#331 ruby guidelines requiring ruby(release) causes depsolving headache
Closed: Fixed None Opened 10 years ago by mattdm.

If one installs a minimal Fedora and then does 'yum install puppet', both jruby and regular ruby are selected, pulling in over 100 packages weighing in at 200MB.

Puppet can work with jruby (although I don't think that's supported officially), but we don't want it to be the default. And, in this case, it's not actually even being used. The puppet package has an explicit "Requires: ruby" as suggested, which causes regular ruby to be installed, but yum hits this in depsolving:

{{{
--> Processing Dependency: ruby(release) for package: puppet-3.1.1-5.fc19.noarch
Searching pkgSack for dep: ruby(release)
TSINFO: Marking jruby-1.7.2-1.fc19.noarch as install for puppet-3.1.1-5.fc19.noarch
}}}

Them, the ruby package is selected ''later'' in the depsolving process; it would also fill the ruby(release) req, of course, but by then it's too late.

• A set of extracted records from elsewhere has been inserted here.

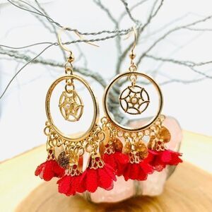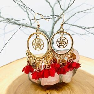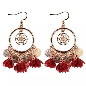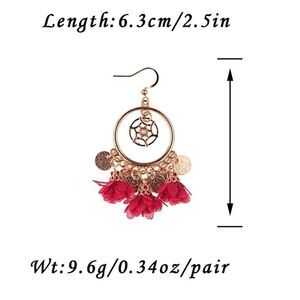 Super Cute Vintage Colors Round Dangling Pendant Earrings Woman Fabric Flowers Earring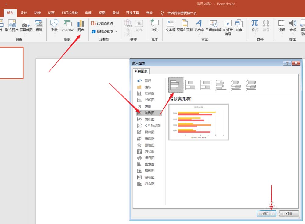 2、点击【插入】—【图表】—【条形图】—【簇状条形图】,点击【确定】。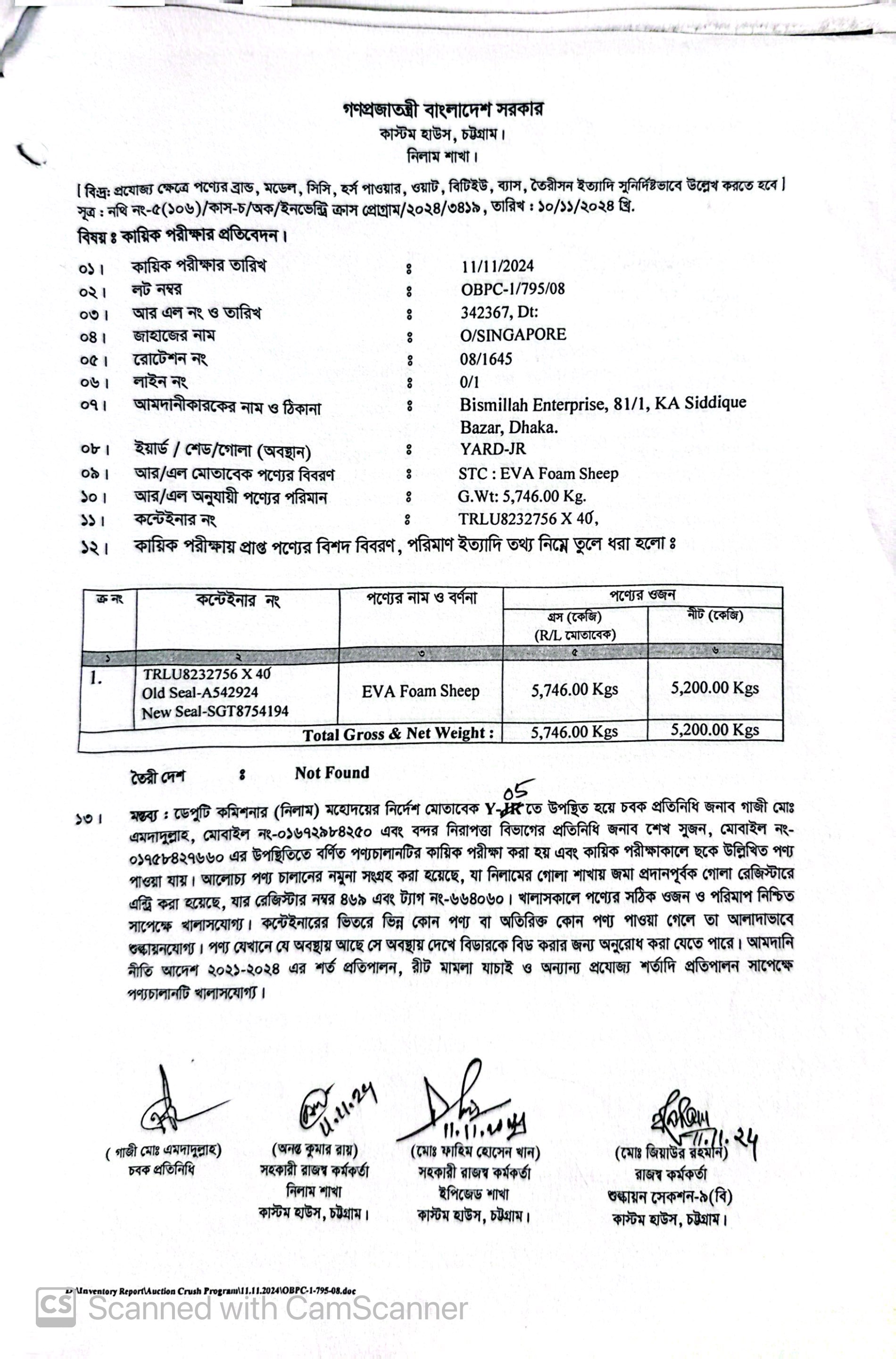 লটের শিরোনাম :EVA Foam Sheet(Previous Bid: 0 TK)

Arguably this is a depsolving bug, but I can't see how it could be fixed without multiple depsolving passes, which I think no one would be a fan of.

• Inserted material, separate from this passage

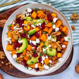 Pendant la cuisson de l’épeautre et de la patate douce, couper la betterave rouge et la pomme en cubes, tailler l’avocat et l’arroser de jus de citron, puis émietter la fêta.
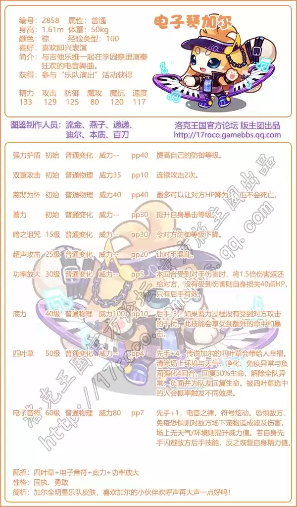 《洛克王国》电子琴加尔技能属性图鉴

One possible workaround would be to make the ruby(release) requirement optional when Requires: ruby is used.

Another other would be to make packages which want to use jruby do so only explicitly, and to not have jruby offer the virtual provides.


I filed the RPM request at https://bugzilla.redhat.com/show_bug.cgi?id=994204 -- maybe that will provide a solution.

And I cc'd Sam on this ticket because he's looking into the larger jruby issue.

Them, the ruby package is selected later in the depsolving process; it would also fill the ruby(release) req, of course, but by then it's too late.

One workaround here is that yum sorts the order it processes the requirements in, so you can make it process the ruby one first. I'm not sure how much this is documented, but the magic happens in _sort_req_key() and basically means that if you do:

Requires: ruby >= 1.9.0

...that will be processed before:

Requires: ruby(release)

Replying to [comment:3 james]:

One workaround here is that yum sorts the order it processes the requirements in, so you can make it process the ruby one first. I'm not sure how much this is documented, but the magic happens in _sort_req_key() and basically means that if you do:

Is this magic likely to ''stay'' true? It's certainly the easiest fix — just change the guidelines to say that

Requires: ruby > 0

is the incantation required to get a specific ruby interpreter. But if a new version of yum (or dnf) might change the behavior....

It's pretty much guaranteed to stay true in yum (I thought we'd even documented it, but I can't find it atm) ... other package managers don't do this though.

A bug in yum that would have prevented the versioned requires from working has recently been fixed: https://bugzilla.redhat.com/show_bug.cgi?id=998707 we talked to samkottler in today's meeting. I think we understand the issue a little better but we still need to come up with a solution. I think there was some discussion of whether we should throw out the concept of sharing the ruby libraries between ruby stacks (due to the level of incompatibility between jruby and ruby) but there's also the possibility of trying to just fix the Requires to make specifying which specific ruby interpreter to use work correctly.

At this time I'm unsure of the general feeling towards either of these possibilities by either FPC or the ruby sig. (In part, because we don't know for sure how easy the latter fix would be [Do we just need Requires: ruby > 0 at this point?] or the level of incompatibility that we're actually talking about. 5% of packages? 25%?). Hoping that samkottler and others can provide more information in this ticket (and ticket 334 if applicable) over the course of this week.

Bug in YUM is bug in YUM and that is orthogonal to the compatibility among Ruby implementations.

Anyway, I have no problem with dropping ruby(release) if package explicitly depends on Ruby package. However, this should be exceptional and discouraged practice IMO.

I'm still cleaning up old tickets. I don't think there's any specific proposal that the committee can address here. Could someone provide one, or let us know what still needs to be done?

No response; closing. Please feel free to reopen if you have more information to add.